Information and communication technology event

The World Congress On Information Technology (WCIT) 2019 is an information and communications technology (ICT) event which took place from October 6 to 9, 2019 in Yerevan, Armenia. The 23rd World Congress on IT featured discussions related to the evolution of the Digital Age.
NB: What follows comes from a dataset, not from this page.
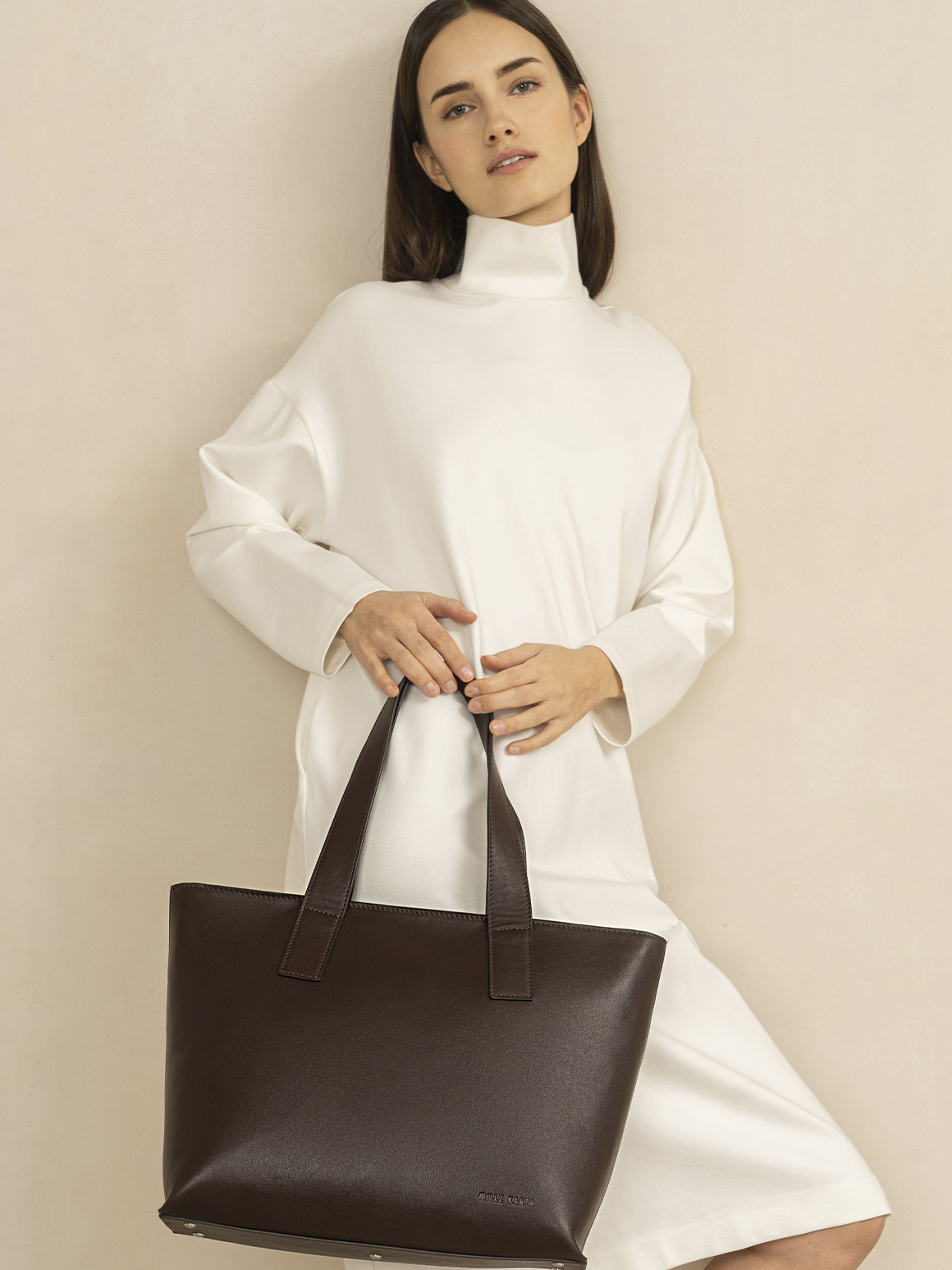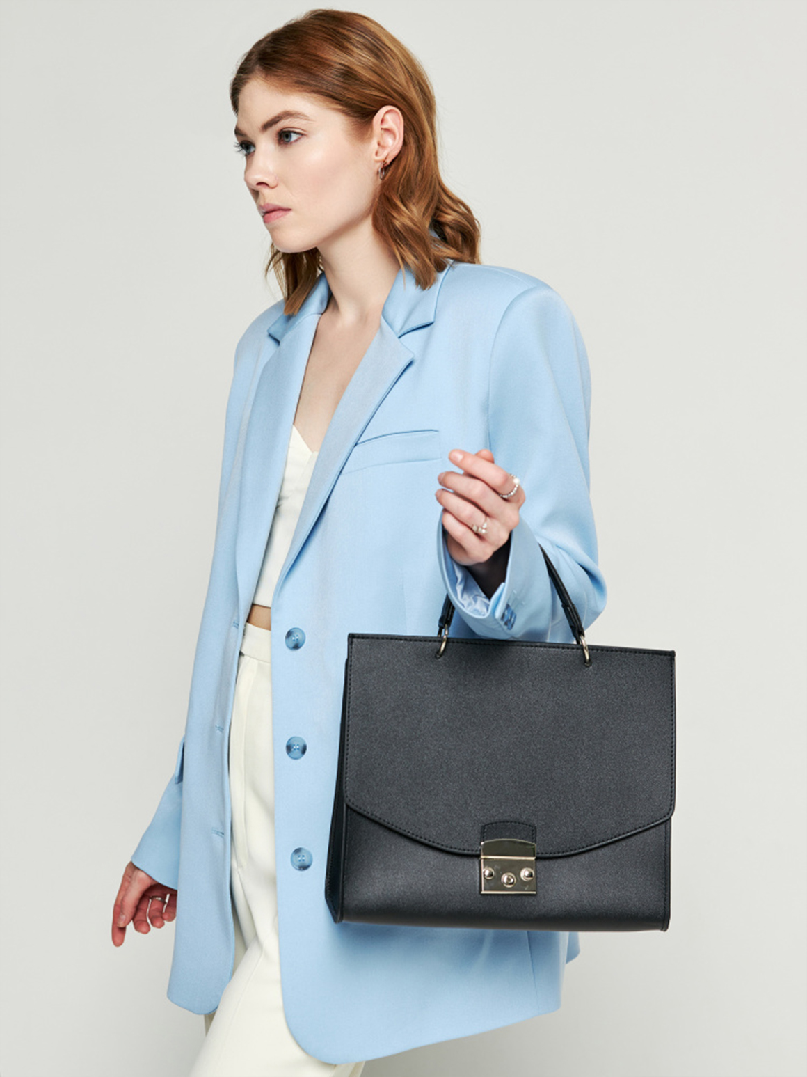 - Тоут. Это повседневный женский аксессуар, который больше всего подойдет для работы и деловых встреч. Классическая вещь достаточно большого объема с двумя ручками. Тоут практически никогда не выходит из моды. Если купить его в универсальном оттенке, например коричневом, то можно носить в любое время года с любой одеждой. Тоут лучше покупать брендовый, сделанный из натуральной кожи.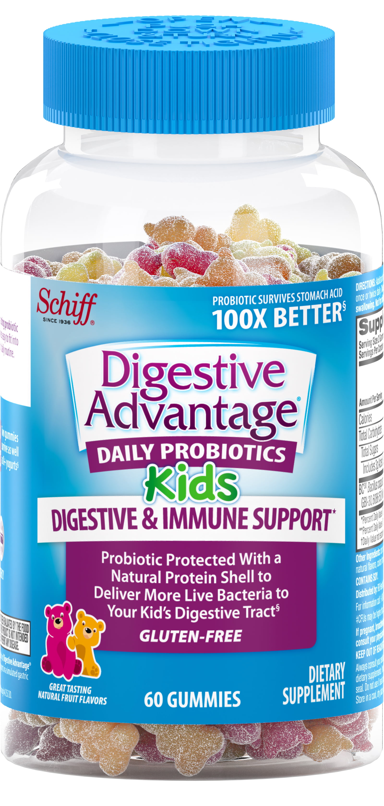 Daily Probiotic that supports everyday digestive and overall health Delicious natural fruit-flavored gummies with no artificial flavors Helps lessen minor abdominal discomfort, bloating, and may help relieve occasional diarrhea BC30, the probiotic in Digestive Advantage, survives stomach acid 100x better than leading probiotics and yogurts For Adults and Kids 3 years of age and older

It included sessions on topics ranging from artificial intelligence, virtual reality, smart cities to cybersecurity, climate change, and more.

The 2019 World Congress had over 2000 delegates from 70 countries, with over 31 sponsoring organizations.

== Overview ==

The Congress has been organized since 1978 by the World Information Technology and Services Alliance (WITSA) and takes place every two years in different countries - since 2017 annually.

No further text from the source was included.